The LTTE’s efforts to drive the army out of Elephant Pass in July 1991 failed. The dead included over 500 young children, often 14 and above, thrown into the fray in desperation, at a time when the offensive began to falter. Its attempt to drive the army out of Pooneryn, in 1993, likewise succeeded only partially, leaving nearly 400 dead. All of this meant a huge cost being placed on the civilian population through bombing, shelling and displacement. As society and economic life disintegrated, young recruits, particularly children, were killed in large numbers. Another segment, which used the war prolonged by the incompatibility of LTTE politics and peace, to obtain refugee status in the West, underwent a change of psychology to materially support the LTTE’s brand of extremism to the detriment and agony of those in their former homeland.
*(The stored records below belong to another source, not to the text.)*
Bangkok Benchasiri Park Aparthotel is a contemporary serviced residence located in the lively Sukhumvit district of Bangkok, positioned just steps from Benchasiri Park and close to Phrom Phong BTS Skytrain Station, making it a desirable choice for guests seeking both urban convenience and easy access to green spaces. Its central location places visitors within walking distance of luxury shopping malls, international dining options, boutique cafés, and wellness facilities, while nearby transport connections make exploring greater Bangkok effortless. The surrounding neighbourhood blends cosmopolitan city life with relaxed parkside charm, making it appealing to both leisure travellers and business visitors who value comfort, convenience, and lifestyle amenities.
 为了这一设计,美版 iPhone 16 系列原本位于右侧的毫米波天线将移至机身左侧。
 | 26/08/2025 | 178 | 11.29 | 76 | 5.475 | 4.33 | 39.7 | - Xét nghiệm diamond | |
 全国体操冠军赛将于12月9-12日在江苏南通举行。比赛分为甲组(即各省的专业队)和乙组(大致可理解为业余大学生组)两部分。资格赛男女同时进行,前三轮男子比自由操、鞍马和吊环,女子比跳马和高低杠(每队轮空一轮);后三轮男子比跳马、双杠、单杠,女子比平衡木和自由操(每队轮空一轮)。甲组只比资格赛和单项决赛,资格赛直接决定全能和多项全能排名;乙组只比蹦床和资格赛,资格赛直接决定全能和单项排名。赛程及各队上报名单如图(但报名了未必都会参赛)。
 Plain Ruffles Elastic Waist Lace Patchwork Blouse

This period also saw the deliberate displacement of Muslims from the north. Being a totalitarian movement with an ideology – and one that gave its leader quasi-divine status, enjoying the right to the indiscriminate use of humans around him – the LTTE could not get the Muslims, even formally, under its ideological umbrella. This community constituted an indispensable part of the northern society and economy, but maintained a social cohesion and aloofness from the LTTE. Several articulate Christian clergy, on the other hand, long being made comfortable with Tamil nationalism, made opportunistic compromises with the Tigers, which for its part also found their connections with the West useful. In October 1990, the LTTE drove out 80,000 Muslims from the north with just two hours’ notice, carrying only the clothes on their back. To this day, most of these forsaken people remain in refugee camps around Puttalam (see Himal January 2008, “The right of return to Jaffna”).
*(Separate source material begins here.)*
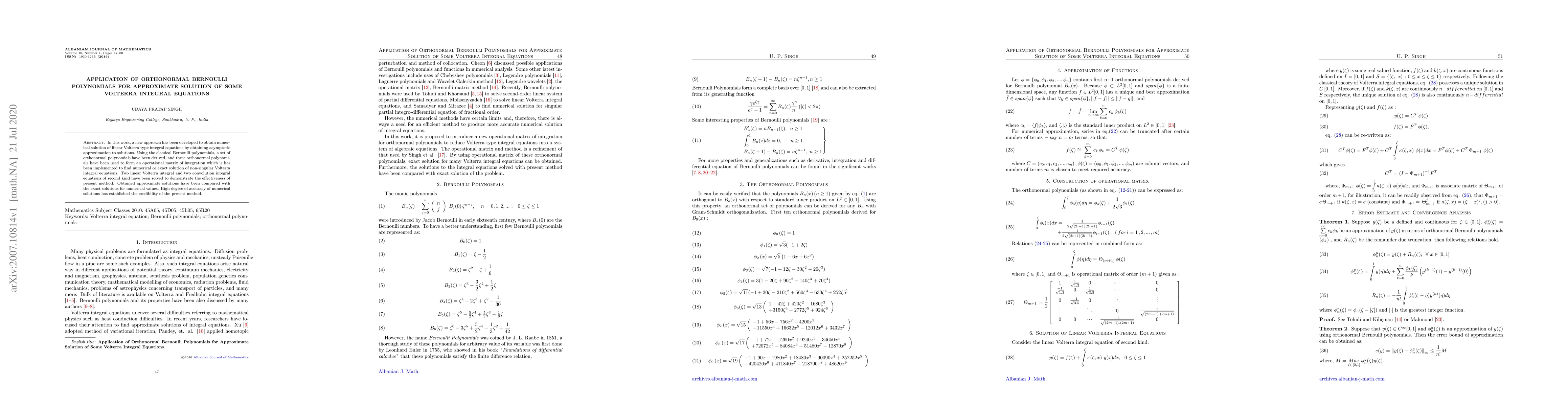 In this work, a new approach has been developed to obtain numerical solution of linear Volterra type integral equations by obtaining asymptotic approximation to solutions. Using the classical Bernoulli polynomials, a set of orthonormal polynomials have been derived, and these orthonormal polynomials have been used to form an operational matrix of integration which is has been implemented to find numerical or exact solution of non-singular Volterra integral equations. Two linear Volterra integral and two convolution integral equations of second kind have been solved to demonstrate the effectiveness of present method. Obtained approximate solutions have been compared with the exact solutions for numerical values. High degree of accuracy of numerical solutions has established the credibility of the present method.

In 1991, the army in Jaffna was confined to a small area around Palaly, which was militarily untenable. General Denzil Kobbekaduwa set in motion a plan to retake Jaffna and, as a first step, he extended the area of control around Palaly. This caused a fresh round of displacement from some of the best agricultural land in Jaffna, which has since remained part of the High Security Zone. By 1994, the war had entered a stalemate. The following year, however, the LTTE began another round of war, after aborting seven months of peace talks with the new government of Chandrika Kumaratunga. The rebels also had a new military strategy in place, after having stocked up on anti-aircraft weaponry. The government forces in the Jaffna Peninsula suddenly found themselves under siege, after two military transport planes were brought down and with the Sea Tigers threatening the supply by sea.
Colombo was thus forced either to take the whole of Jaffna or lose the north altogether. Once again, the LTTE had underestimated the government’s military capacity. The government’s first attempt in July 1995 was aborted after heavy displacement and about 300 civilians killed by missiles. Faced with losing Jaffna, exactly five years after it had forced out the Muslim population, on 30 October 1995, the LTTE forced most of Jaffna’s civilian population to move into the Vanni. Recruiting from the displaced population once again, it was able to maintain the Vanni as its main base – at least until government forces began retaking this territory in recent months.
Ideology and extremism
Before coming to the most recent developments, we should pause to explore the links between ideology, displacement, and political and military strategy. First is the Sinhalese nationalist extremist viewpoint that the island belongs to the Sinhalese, and is sacred to Buddhism. Any assertion of the northeast as the homeland of the Tamils had to be confronted by ‘Sinhalising’ the region – ie, by planting Sinhalese settlements. As it happened, this was accomplished by violent means and displacement. A direct result of this strategy was to facilitate the LTTE’s brand of extremism in order to take control of the Tamil liberation struggle.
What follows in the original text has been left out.